= INSTRUCTIONS FOR THE TASK =
In the entries below, find the line with "点击【事项办理】,页面弹跳后", then set it down exactly along with each line after it to the end, skipping any pictures.

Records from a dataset
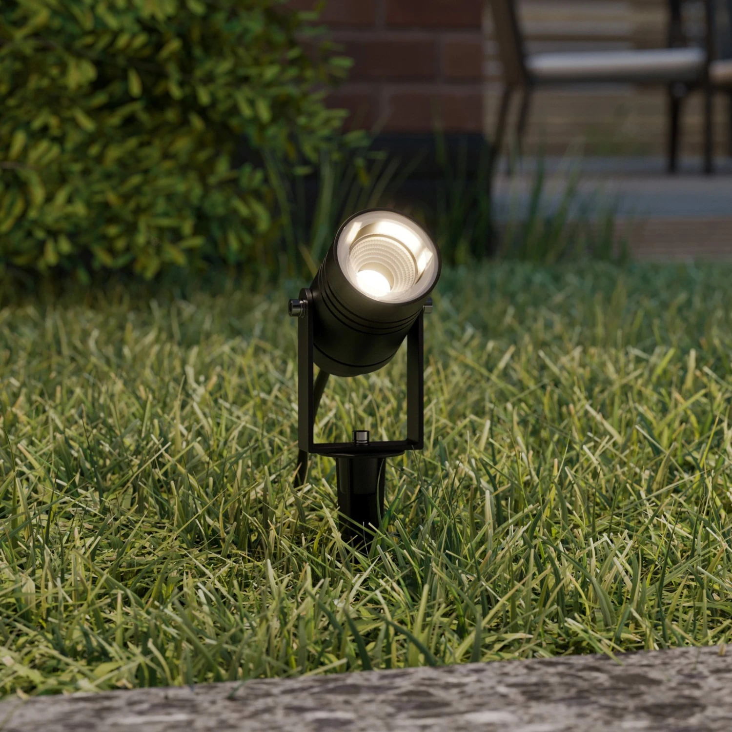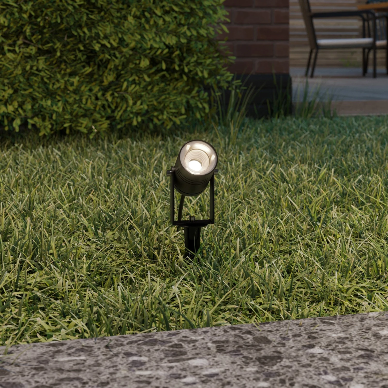 Dunkelgrauer Außenstrahler Galina mit Erdspieß und schwenkbarem Leuchtkopf
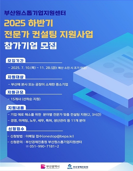 부산경제진흥원 원스톱기업지원센터가 지역 기업의 애로 해소와 활력 제고를 위해 '2025년 하반기 기업애로 전문가 컨설팅 지원사업'을 추진한다고 28일 밝혔다.
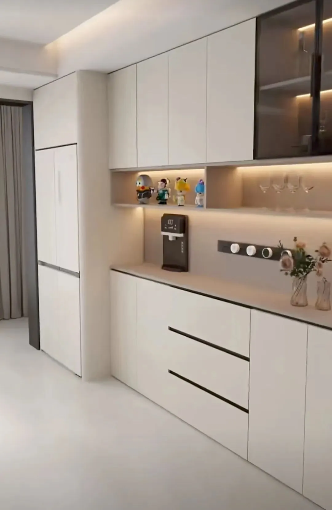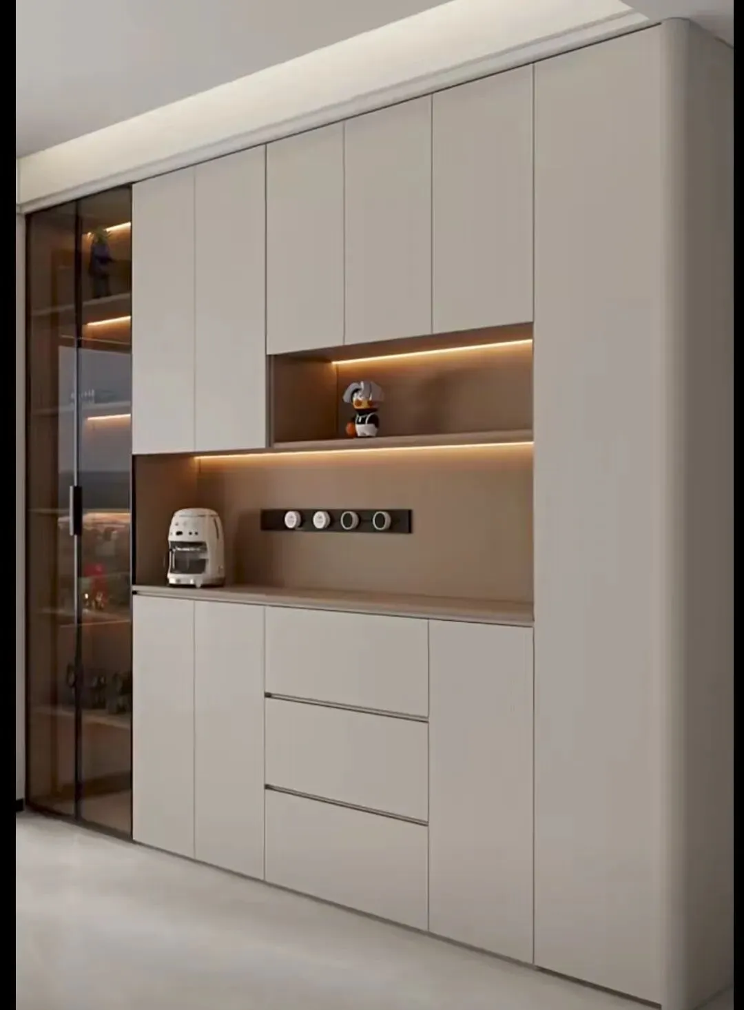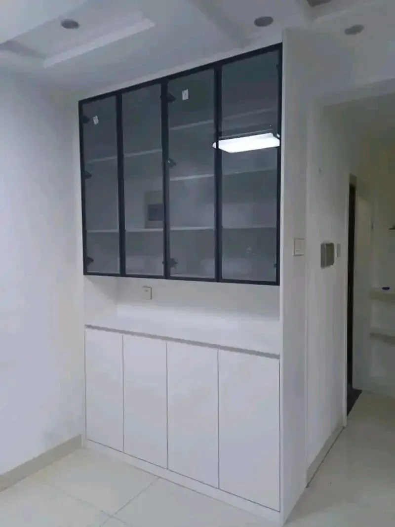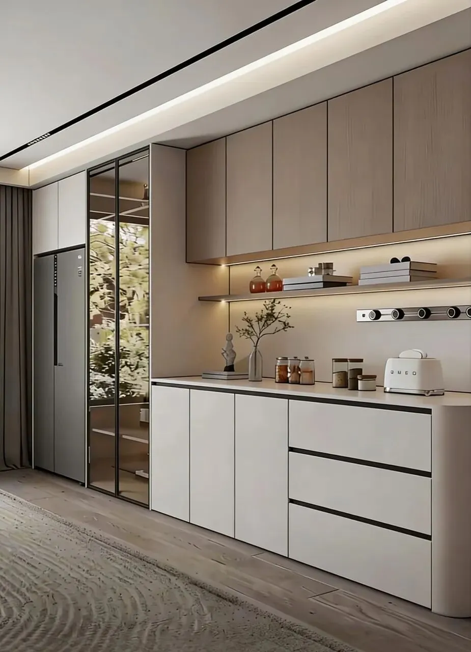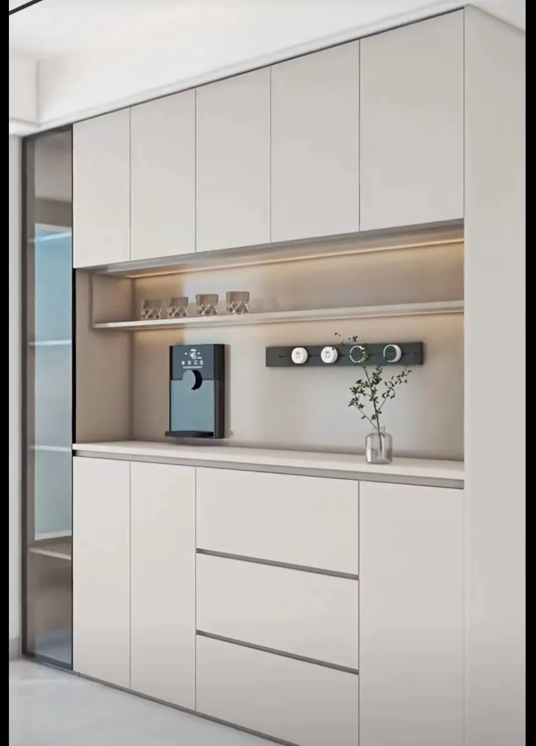 今年正确做法:玻璃门仅做小面积点缀,比如一侧窄柜、上层一小格,用来展示精致酒杯、藏品,点到为止更高级,别整面通玻。
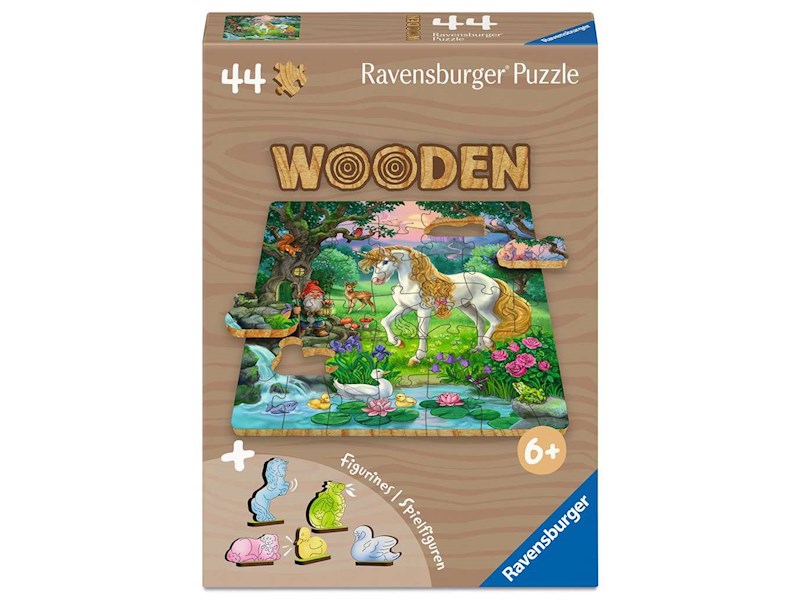 HOLZ Einhorn 44 Teile. Entdecken Sie die perfekte Passform! Ravensburger hat für jedes Kind das passende Puzzle. Mit interessanten Motiven, strategisch dimensionierten Teilen und einer Vielzahl von Formaten ist der Erfolg für alle Altersgruppen und Fähigkeiten garantiert. Geniessen Sie Ravensburger Qualität mit dieser familienfreundlichen Aktivität! Ab 6 Jahren.
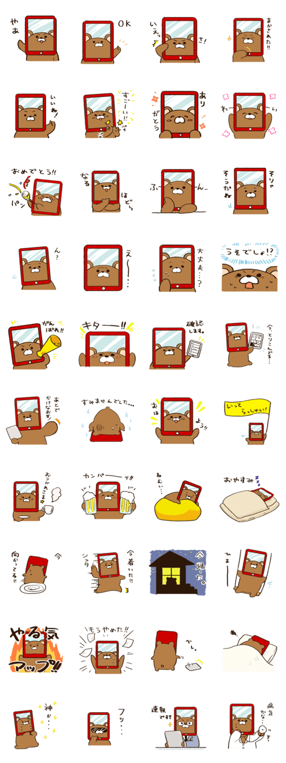 タブレットをかぶったクマさんのスタンプです。日常で使う言葉やシチュエーションを集めました。
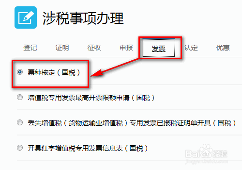 点击【事项办理】,页面弹跳后,点击【发票】项下的【票种核定】,再点击最下方的【办理】。
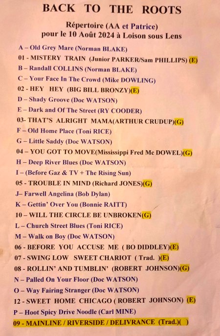 Mystery Train Hey Hey Saint Louis Blues Deep River Blues I Can't Be Satisfied Time For Movin' On Hans Olson Jam Boogie Sunny (Live) Help me (live) Honky Tonk Women Perpetual Blues machine (live) The Man Behind The Guitar Proud Mary You Got To Move Alberta Trouble in mind Swing Low - Sweet Chariot Stop breaking down Little wing Mystery Train |
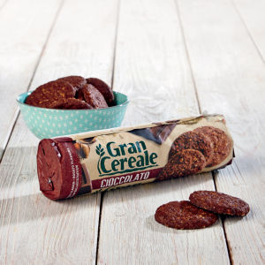 PŠENIČNA polnozrnata moka 31,6%, sladkor, OVSENI kosmiči 13,2%, ekspandirana karamelizirana durum PŠENICA 13% (durum PŠENICA, sladkor, med, sončnično olje), sončnično olje, čokolada 10,7% (sladkor, kakavova masa, kakavovo maslo, manjmasten kakav, emulgator: lecitini (SOJA)), manjmasten kakav 3,8%, praženi LEŠNIKI 2,5%, sredstva za vzhajanje: amonijevi karbonati, natrijevi karbonati; jedilna morska sol, arome (MLEKO), izvleček oljčnih listov.
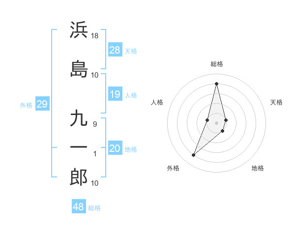 浜島 九一郎さんを姓名の画数から五運を鑑定
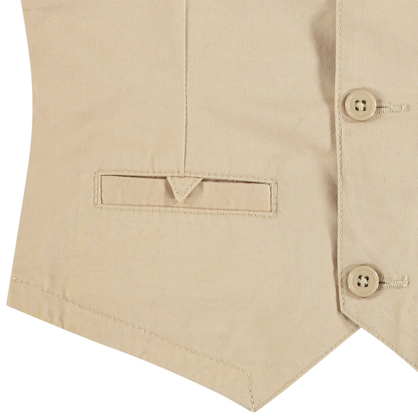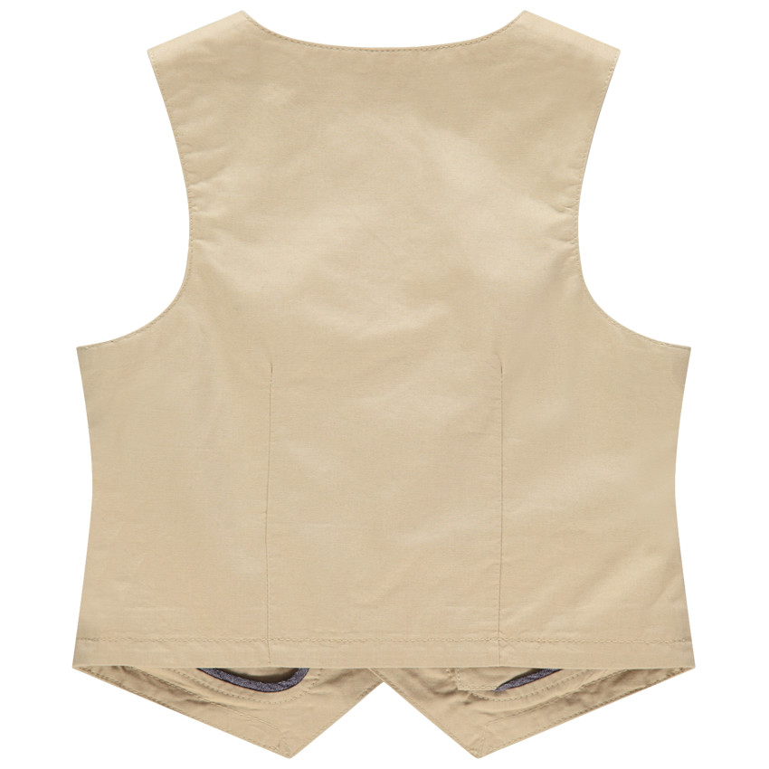 Gilet serveur en toile. Doublure en chambray. Ouverture boutonnée devant. 2 poches passepoilées devant.
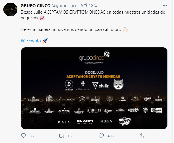 파라과이의 대기업 엔터테인먼트 기업 Grupo Cinco는 18일, 운영하는 나이트클럽이나 레스토랑등의 시설이 7월부터, 비트코인(BTC), 이더리움(ETH), 치리즈(CHZ), SHIB(시바이누)의 4 종목에 의한 결제에 대응한다고 발표, 「가상화폐를 접수하는 것으로, Grupo Cinco는 미래를 향해서 혁신의 한 걸음을 내딛고 있다.

= RESULT OF THE TASK =
 点击【事项办理】,页面弹跳后,点击【发票】项下的【票种核定】,再点击最下方的【办理】。
 Mystery Train Hey Hey Saint Louis Blues Deep River Blues I Can't Be Satisfied Time For Movin' On Hans Olson Jam Boogie Sunny (Live) Help me (live) Honky Tonk Women Perpetual Blues machine (live) The Man Behind The Guitar Proud Mary You Got To Move Alberta Trouble in mind Swing Low - Sweet Chariot Stop breaking down Little wing Mystery Train |
 PŠENIČNA polnozrnata moka 31,6%, sladkor, OVSENI kosmiči 13,2%, ekspandirana karamelizirana durum PŠENICA 13% (durum PŠENICA, sladkor, med, sončnično olje), sončnično olje, čokolada 10,7% (sladkor, kakavova masa, kakavovo maslo, manjmasten kakav, emulgator: lecitini (SOJA)), manjmasten kakav 3,8%, praženi LEŠNIKI 2,5%, sredstva za vzhajanje: amonijevi karbonati, natrijevi karbonati; jedilna morska sol, arome (MLEKO), izvleček oljčnih listov.
 浜島 九一郎さんを姓名の画数から五運を鑑定
 Gilet serveur en toile. Doublure en chambray. Ouverture boutonnée devant. 2 poches passepoilées devant.
 파라과이의 대기업 엔터테인먼트 기업 Grupo Cinco는 18일, 운영하는 나이트클럽이나 레스토랑등의 시설이 7월부터, 비트코인(BTC), 이더리움(ETH), 치리즈(CHZ), SHIB(시바이누)의 4 종목에 의한 결제에 대응한다고 발표, 「가상화폐를 접수하는 것으로, Grupo Cinco는 미래를 향해서 혁신의 한 걸음을 내딛고 있다.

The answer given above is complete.